San Diego’s long-running struggle to enact vacation-rental rules continues.

The City Council on Monday voted 8-1 to pull back restrictive regulations it approved in July amid the specter of a well-funded referendum led by vacation-rental operators that would have halted the new rules from kicking in for as long as two years.

It was a dramatic shift for a City Council majority that just months ago hailed the rules, which limited vacation rentals to primary residences.

Lisa Halverstadt breaks down the reasons behind the shift and what might be next in the vacation-rental saga that’s paralyzed city leaders for years.

Mayor Mayor Kevin Faulconer and City Council members are now expecting to get another crack at the divisive issue in 2019.

The ‘Warriors’ Fighting for Pregnant Detainees

VOSD’s Maya Srikrishnan has been following the stories of several Central American migrants who came to the U.S.-Mexico border as part of a caravan that arrived in the spring. The most common outcomes for members of the caravan, she’s found, include members who decided to stay in Tijuana, some who are still in detention and some who are living in the United States as they await asylum hearings.

Three women awaiting their asylum hearings share a particularly horrible experience: They were pregnant while they were detained at the Otay Mesa Detention Center, and said they were subject to horrific treatment. One suffered a miscarriage.

Now, they’re out of detention and are fighting to help other pregnant women still inside.

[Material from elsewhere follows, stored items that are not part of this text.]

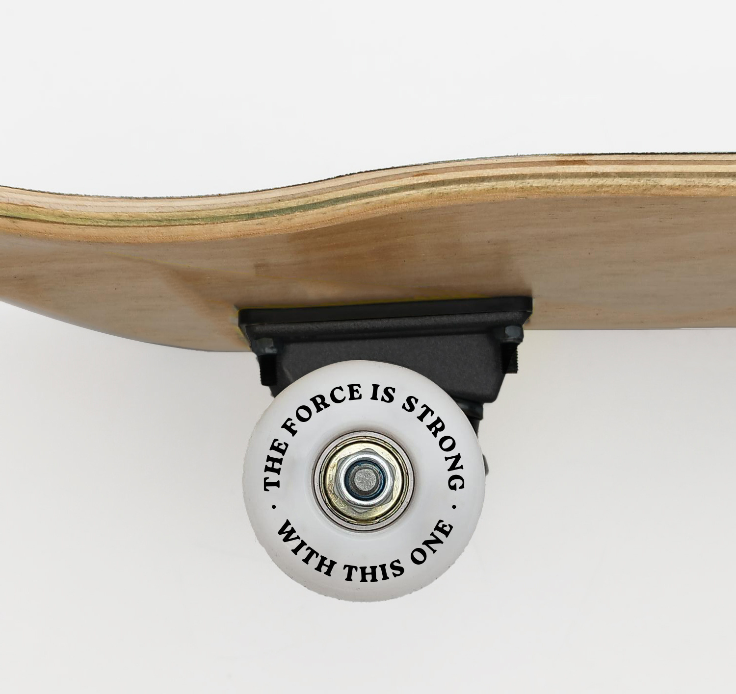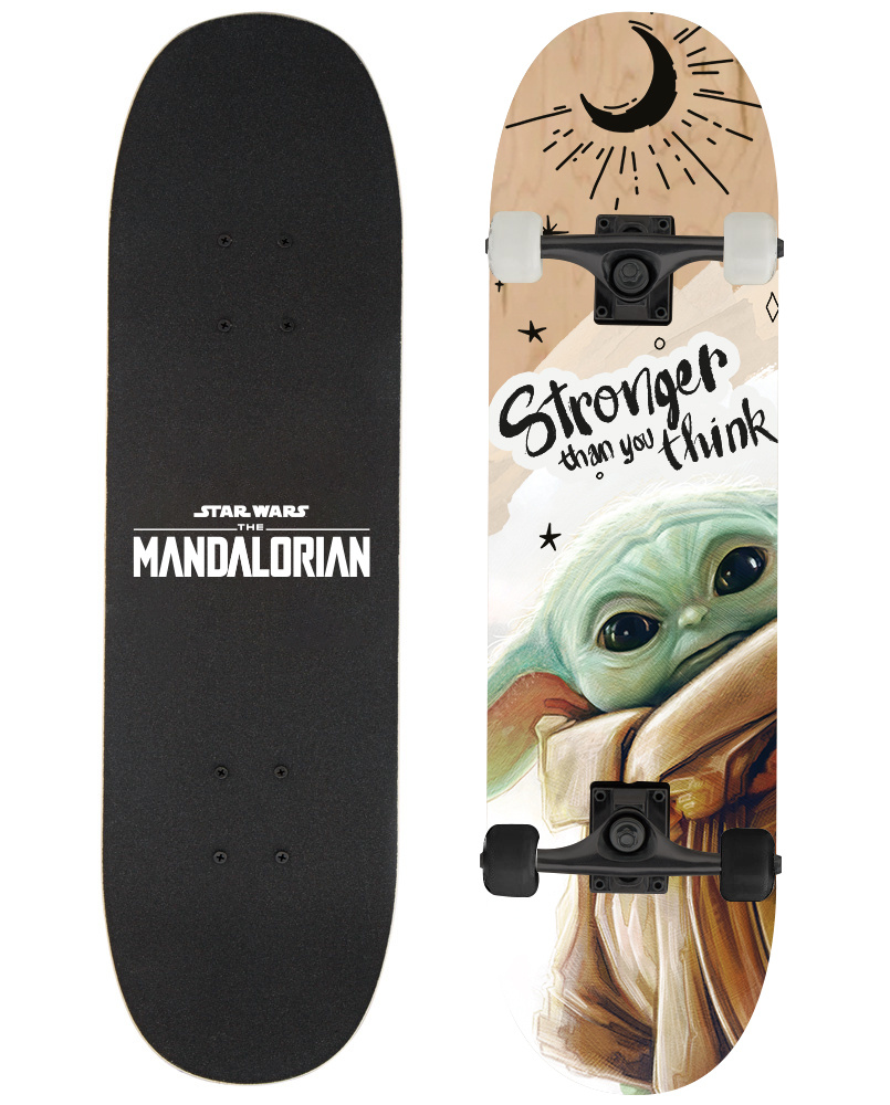 Dřevěný skateboard ozdobený módními vzory Star Wars. Je ideální pro použití na chodnících, náměstích a městských uličkách. Deska je vyrobena z odolného dřeva a má protiskluzový povrch, který zajišťuje trakci a zvyšuje bezpečnost.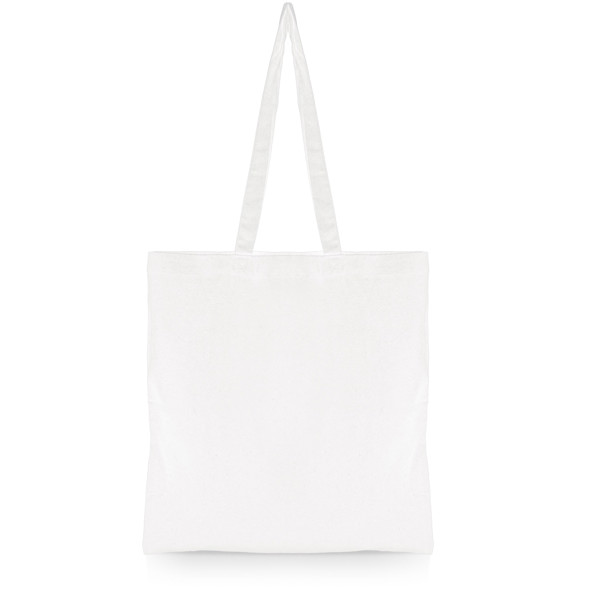 Saco de asa comprida em algodão reciclado 140g. Este saco está disponível em 5 cores sólidas e é uma oferta acertada por ser ecológico, reutilizável e bastante útil quer seja nas compras, quer no dia a dia. Opte por sacos amigos do ambiente.
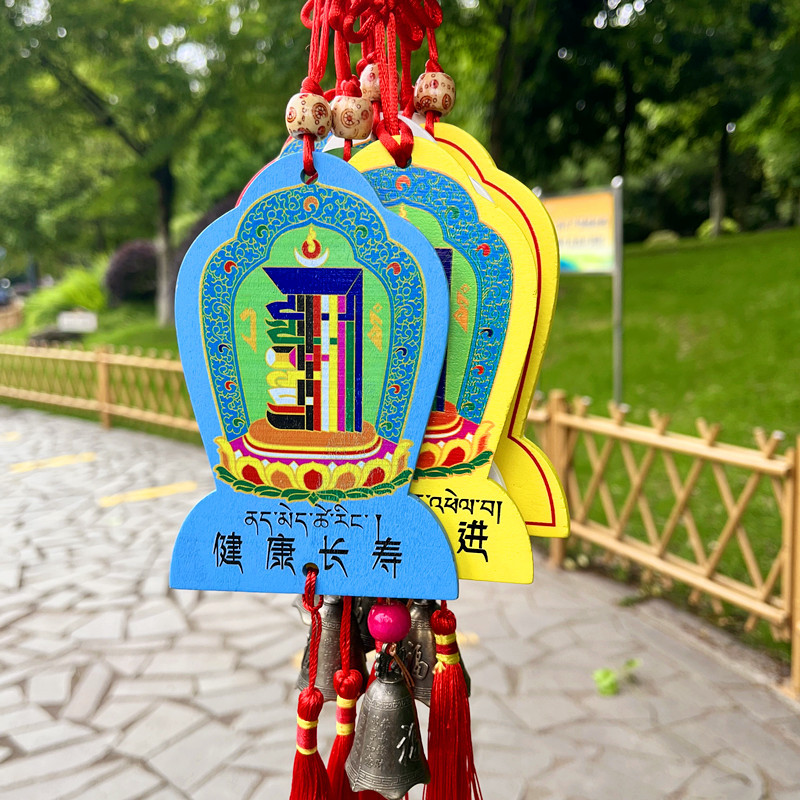 チベット族の風格の鈴の項の木製の願い事の札は木の札の愛の札の装飾のブランドの観光工芸品を祈って印刷することができます。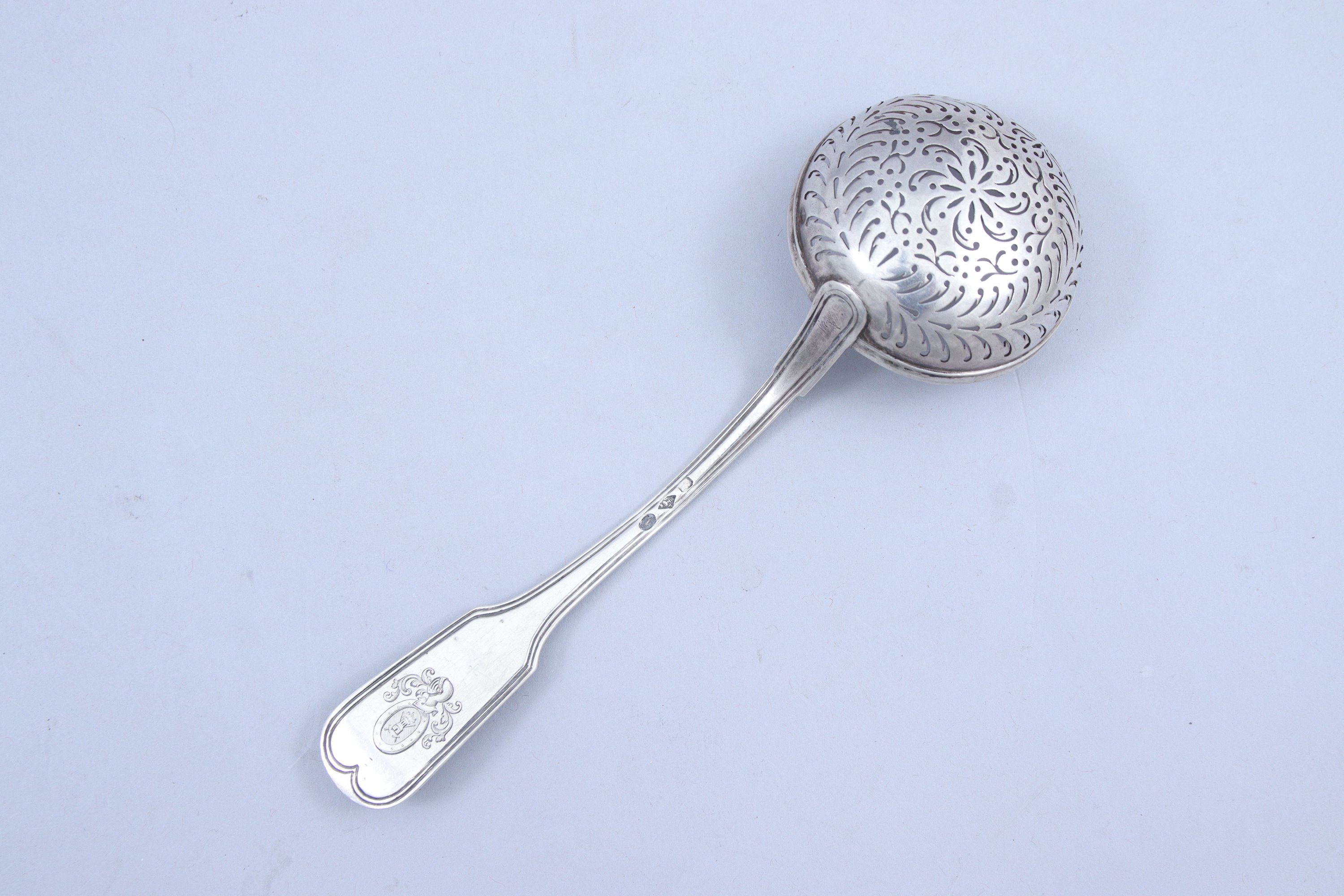 en argent, modèle filet contour aux armes des La Verteville. Le cuilleron repercé de fleurs et feuillages.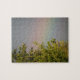 Ce superbe puzzle présente une belle photo paysagère d'un arc-en-ciel au-dessus de quelques arbres. La photo a été prise immédiatement après une tempête de pluie pour capturer les couleurs vives de l'arc-en-ciel. Le ciel environnant est gris et couvert de nuages.
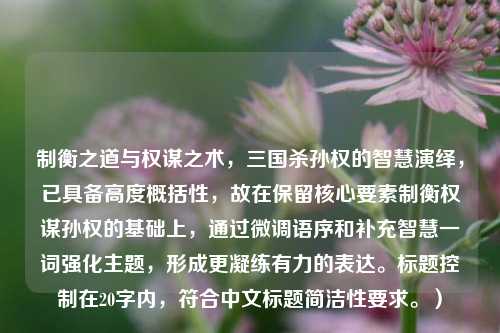 制衡之道与权谋之术,三国杀孙权的智慧演绎,已具备高度概括性,故在保留核心要素制衡权谋孙权的基础上,通过微调语序和补充智慧一词强化主题,形成更凝练有力的表达。标题控制在20字内,符合中文标题简洁性要求。)
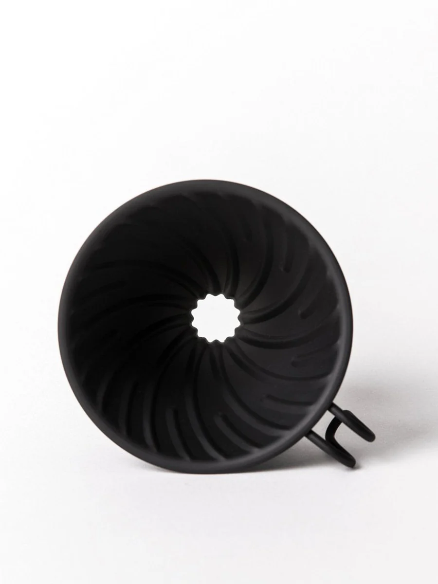 The metal filter cone of the V60 highlights the flavor-enhancing ribbing and aesthetic elegance of HARIOās exquisite, hand-pour coffee dripper.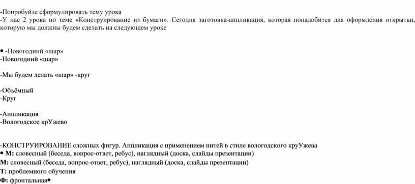 М: словесный (беседа, вопрос-ответ), наглядный (слайды презентации), наглядно-слуховой (спокойная музыка) практический (создание аппликации ,выставка) Т: развивающего обучения Ф: фронтальная, индивидуальная |

“That’s how the three women came to form Las Luchonas, or the Warriors,” Srikrishnan reports. “They wanted to raise money for the people inside, who have to pay to make phone calls or to buy things, like additional food or toiletries, at the detention center’s commissary. Detainees who don’t have family, friends or advocates on the outside to add money to their accounts often work for up to a dollar a day to earn money to buy those items. That system is at the center of a lawsuit alleging forced labor at immigration detention centers.”

  • Tijuana shelters housing migrants who are awaiting the chance to seek asylum in the United States are growing increasingly full, reports the Union-Tribune.

It’s Not Just SDSU Facing a Spacing Crunch

In a VOSD op-ed, Chamber of Commerce CEO Jerry Sanders argues that Measure G, the SDSU West plan, makes the most business sense for the region.

He reiterates supporters of the measure’s claim that SDSU has nowhere to grow on its current site, a claim that both KPBS and the U-T found misleading.

But SDSU isn’t the only university in town dealing with growth issues.

The U-T reports that the University of San Diego is also nearing capacity, and is aiming to cut operating expenses to avoid further tuition hikes.

It’s a similar story at UCSD: Enrollment there is surging, and a new complex to house more students is still about two years away.

Climate Plan’s Impact on Disadvantaged Communities Isn’t Clear

A new report says it’s not clear what the city’s lauded Climate Action Plan has done to help so-called environmental justice communities, which are essentially low-income communities disproportionately impacted by pollution, Ry Rivard reports in this week’s Environment Report.

“Since the CAP is supposed to increase the use of public transit, reduce air pollution and cause more trees to be planted, the authors of the report are hopeful they can shape policy that will correct systemic problems here,” Rivard writes.